Have Things Set Up and Ready to Go

As much as possible, reduce the effort needed to get started. If you can, keep your work on the easel or drawing table, your palette ready, and everything where it needs to be so that all you have to do is have a seat and get going.

It's all about reducing resistance and making it easy to get started!

Before I had a dedicated art space, here are some things that helped me:

  • Easel: Was able to be put in the corner of the living room, so it was always accessible.
  • Palette: Placed on top of a high bookshelf between sessions, with wet paint still on it and ready to go.
  • Painting-in-Progress: I had a nail on the wall where I'd stick the current WIP after each session, getting it out of the way. It was easy to see, yet out of the way.
  • Painting Supplies: Were all kept in one small rolling plastic cart of drawers, which rolled under a desk during the day. When painting it served as a place for my palette and brushes.
  • Location: Mostly, I painted right in the middle of the living room, after my son was asleep so that I wouldn't be interrupted.

Some specific tips for making it easier to work with oil paint...

  • Leave Paint on Your Palette! Leave the paint from the tube around the perimeter of your palette. Clean the mixing area each time. Let it get a patina, so long as there are no annoying chunks. Many colors will still be wet at your next session!
  • Freeze Your Brushes Instead of washing your brushes after each session, leave paint on them, wrap them in plastic wrap (or even a paper towel will do) and pop them in the freezer. This will slow down drying well enough that you can leave them there for a few days, and then use them in your next session.
  • Put Brushes in Water or Oil Overnight If you'll be returning to your painting the next day, place your brushes in a little bit of water, slow drying medium, or baby oil. This will prevent it from drying overnight, but it's not the best situation for the brush health. Weight the pros and cons!
  • Use a Palette Knife Instead of Brushes Super easy clean-up! (Uses lots of paint, though.)

Some Final Notes...

If it helps you, track your time spent painting so you can see your progress. This can be through a habit tracker, a weekly time sheet, or just a list of steps to take with your painting.
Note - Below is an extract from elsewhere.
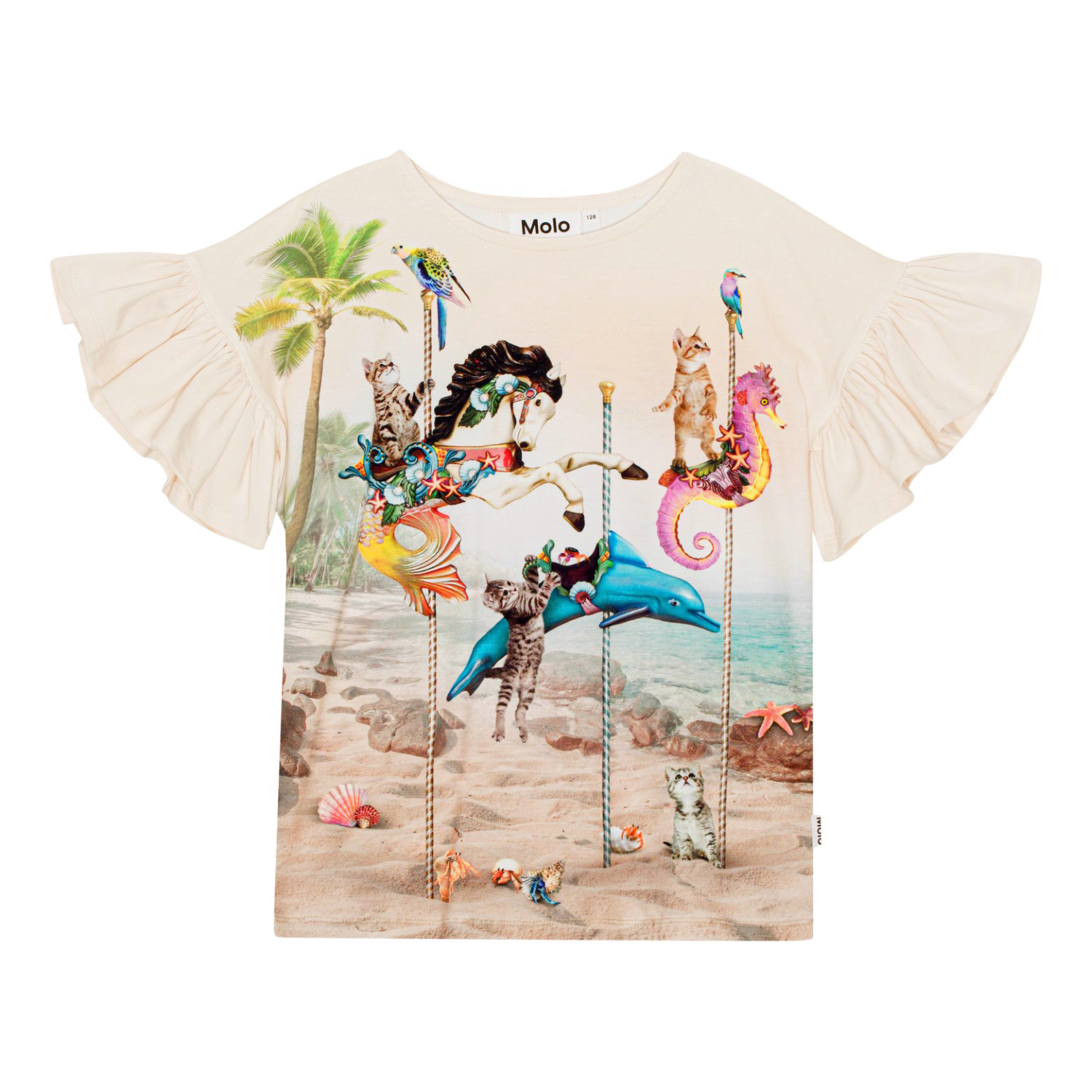 Witte biologische katoenen t-shirt met mouwen met ruches. Op de voorkant staat een fantasierijke print van een tropisch eiland, dieren van de draaimolen en spelende poesjes.
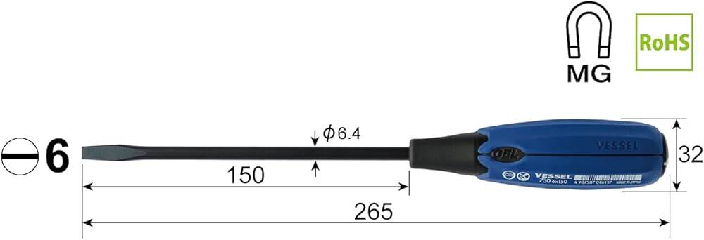 Đặt mua Tô vít đóng 2 cạnh cán siêu êm VESSEL No.730-6×150

No Beating Yourself Up! Not only is it not nice to yourself, it's also counter productive.

Frame It: What does making art mean to you or do for you? Does it help you feel like yourself? Does it help you feel like a professional or productive? Is it a form of self-care? Frame the idea of what it's providing you so that you can feel good spending your time on your art.

I hope you feel inspired to recommit to your drawing or painting practice!